Jill Filipovic's nonsensical attacks on feminist policy
Why can't Jill stop attacking women?
Jill Filipovic has posted a bizarre critique on her Substack of paying parents to raise their children. I’m not going to spend a whole lot of time picking it apart here, first because I’ve put in that work plenty of times with her in the past, and second because I think most fair critics can see what she’s doing without help from me. So let’s get that out of the way and move on to the actual problem. Here’s Jill’s argument:
An opinion piece in the NYT argues that the US “should pay parents to stay home with their children.” This is not my summary, it’s Jill’s.1
However, Jill thinks that the author is using “parents” as “weasel language” when in fact “we’re talking about mothers.” ¹
With that in mind, even though the article says parents, what it “is really advocating for is pushing women out of the labor force.” ¹
In counterpoint, then, Jill argues that “You don't solve that problem…by paying mothers a small stipend. You solve it by giving poor people enough money to live, period.”2
There are really only two ways to read this. The first is to say that Jill actually agrees with the author, perhaps without quite realizing it, and has simply stipulated that he doesn’t mean what she says that he wrote. The second is to say that Jill actually disagrees with the article, but added the comment in point four because she knows she is taking an extremely unpopular position and needs to distance herself from it. So either what she’s saying is petty and trivial or it’s misleading and dishonest; take your pick.

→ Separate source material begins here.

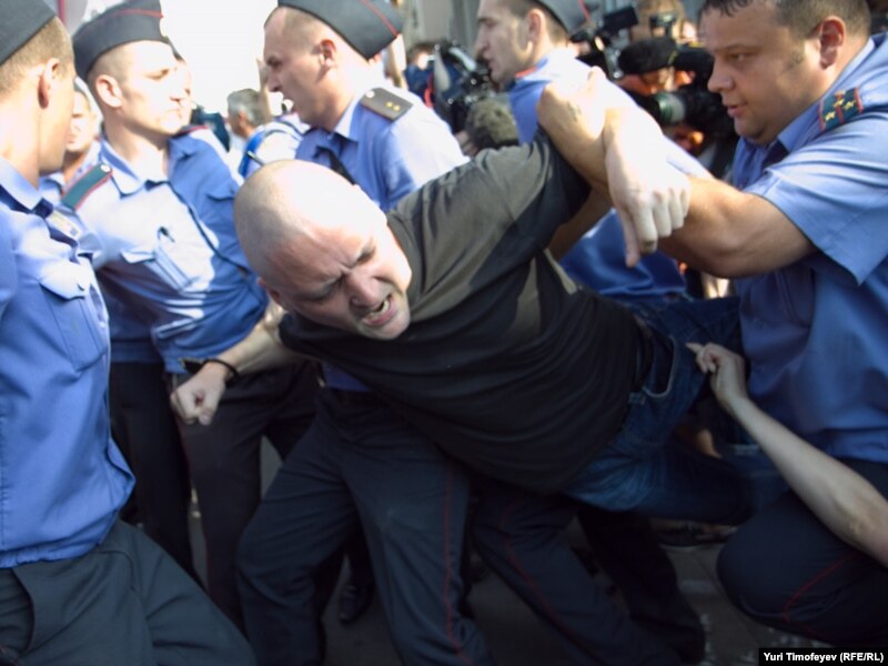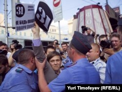 В Москве милиция пресекла мирную акцию "Стратегии-31" в защиту 31-й статьи Конституции РФ, гарантирующей свободу собраний.

Ordinarily my response to Jill would end here because I really do prefer to stick to the merits of arguments; but I’ve had to respond to this kind of nonsense with her so much over the years that I think it’s fair to add some additional commentary.
Jill did not write this article because she cares about women. Certainly not because she cares about poor women. This is clear either way you read it. If you read it the first way, then she only wrote the article because she wanted to attack the author — who happens to be Matt Bruenig, someone she has attacked constantly over the years — as dishonest. She actually agrees with what he is saying, but simply does not want people to believe that he’s saying it; she agrees with it, but she cares about it (and the women it would support) so little that she’s actually willing to wreck consensus around it for the sake of yet another personal jab.

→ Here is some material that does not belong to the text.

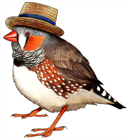 Zebra Finch in a Summer Straw Boater Hat

If you read her article the second way, of course, it’s even worse. For some reason, Jill is looking at women living in the misery and oppression of poverty and is coming up with rationalizations for why the status quo of workfare and austerity that has kept them there is actually good. And then, to make this even crazier, she decides at the last moment to pretend that she doesn’t believe this since she knows how people will receive her monstrous position. This is one of the only explanations I can come up with for Jill attacking the proposal to give parents money, only to turn around and suggest that she actually wants to do so.

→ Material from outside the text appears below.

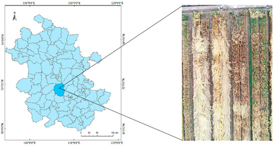 The research area is located in Guohe Farm, Lujiang County, Hefei City, Anhui Province. It is located in the middle of Anhui Province, between the Yangtze River and Huaihe River, and the west wing of the Yangtze River Delta, between 30°56′–32°33′ N, 116°40′–117°58′ E (Figure 1). It is in the subtropical warm monsoon climate zone. The annual climate characteristics are: four distinct seasons, mild climate, moderate rainfall, annual average rainfall of 992 mm, average temperature of 13–20 °C, suitable for wheat growth. Wheat is one of the main crops planted in this area. The wheat variety (Ningmai 13) was sown in October 2020 and belongs to the winter wheat. In addition to basic cultivation, it also carries out management in the process of wheat growth, such as weeding, fertilization, pest control, etc.

Personally, my take is that Jill is an utterly ordinary wealthy conservative Democrat. She has spent most of her life in extremely blue cities, got a humanities degree at NYU, and her professional milieu is a crowd of Democratic loyalist journalists, so she has learned to profess the standard egalitarian politics that you’ll hear from everyone left of Joe Manchin (and many people on his right). But being a wealthy Democrat also means, of course, that she has all the usual suspicion of welfare and of socialists, along with the fetish for using economic nudges as a lever for social engineering. On top of that, her undergrad minor in gender and sexuality studies means that she is vaguely familiar with radical feminist critiques of the way that capitalism oppresses women; but being a wealthy Democrat means that she has had a powerful incentive to misunderstand those critiques in a way that exonerates capitalism.
(Finally, it can’t be overstated how much of Filipovic’s antipathy towards the Bruenigs in particular and the left in general just goes back to our opposition to Hillary Clinton in 2016. This was clearly the first encounter that a lot of well-off media types had with the left, and it’s impossible to miss the lasting impression that made.)
The standard pseudo-materialist move here would be to suggest that Jill simply attacks socialism with pseudo-feminist critiques in order to protect her wealth and the system that has created it, and in compliance with the financial and professional incentives surrounding a Democratic journalist enmeshed in liberal media — but as I’ve argued before, you can’t just casually leap from class analysis to individual analysis like that. And we should always bear in mind that most polipsych punditry is complete bullshit, anyway. For all we know, Jill’s harebrained criticism of policy that would be good for women may very well just express some internalized hatred of women, including herself; perhaps these economic debates are just a flimsy pretext. Not sure how likely that is either, but it is, after all, precisely the kind of attack that Jill constantly makes on socialists.